EXERCISE REQUIREMENTS – Copy the records below exactly, leaving out any pictures.

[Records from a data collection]
++++++++

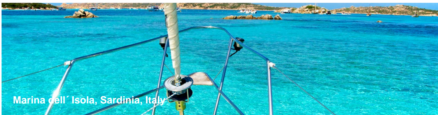
Marina dell'Isola, Sardinia, Italy
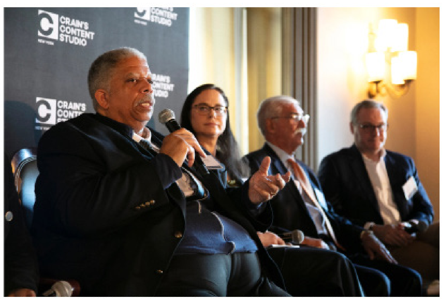
NYS Senator Leroy Comrie serves on a panel convened by Crain's New York Business on Penn Station Redevelopment; the panel focused on what the redevelopment project means for the future of New York City. Senator Comrie emphasized the importance of delivering a future-forward redevelopment plan and ensuring that both neighborhood residents and those residing throughout the region gain value for the multi-billion deliar investment New York, New Jersey, and the United States Department of Transportation will make in Penn Station Redevelopment.
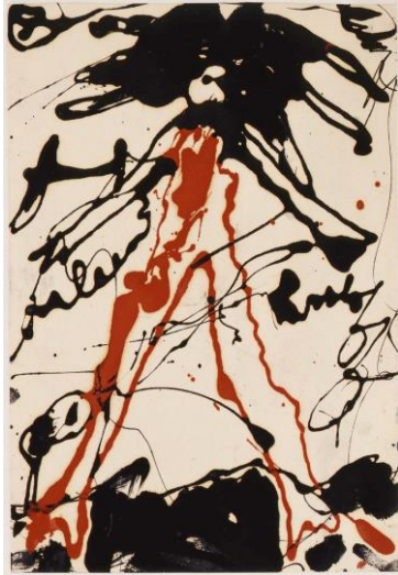
Claes Oldenburg. Striding Figure (Final Study for Announcement of a Dance Concert by the Aileen Passloff Dance Company) . 1962. Enamel on paper, 17 3/4 x 12 1/8" (45.1 x 30.8 cm). Purchase. © 2016 Claes Oldenburg.

Julio Plaza. Language (Linguagem) . 1970. Enameled metal plaque, 7 7/8 x 15 3/4" (20 x 40 cm). Latin American and Caribbean Fund
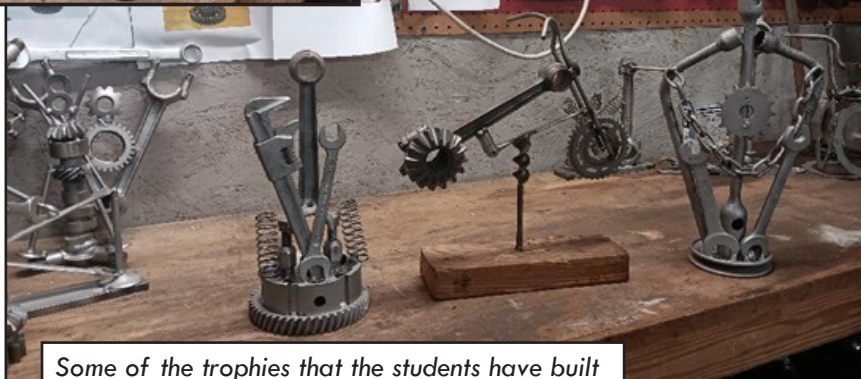
Some of the trophies that the students have built and are selling through the Speedster Program.

++++++++

RESULT FOR THIS EXERCISE –
Marina dell'Isola, Sardinia, Italy
NYS Senator Leroy Comrie serves on a panel convened by Crain's New York Business on Penn Station Redevelopment; the panel focused on what the redevelopment project means for the future of New York City. Senator Comrie emphasized the importance of delivering a future-forward redevelopment plan and ensuring that both neighborhood residents and those residing throughout the region gain value for the multi-billion deliar investment New York, New Jersey, and the United States Department of Transportation will make in Penn Station Redevelopment.
Claes Oldenburg. Striding Figure (Final Study for Announcement of a Dance Concert by the Aileen Passloff Dance Company) . 1962. Enamel on paper, 17 3/4 x 12 1/8" (45.1 x 30.8 cm). Purchase. © 2016 Claes Oldenburg.

Julio Plaza. Language (Linguagem) . 1970. Enameled metal plaque, 7 7/8 x 15 3/4" (20 x 40 cm). Latin American and Caribbean Fund
Some of the trophies that the students have built and are selling through the Speedster Program.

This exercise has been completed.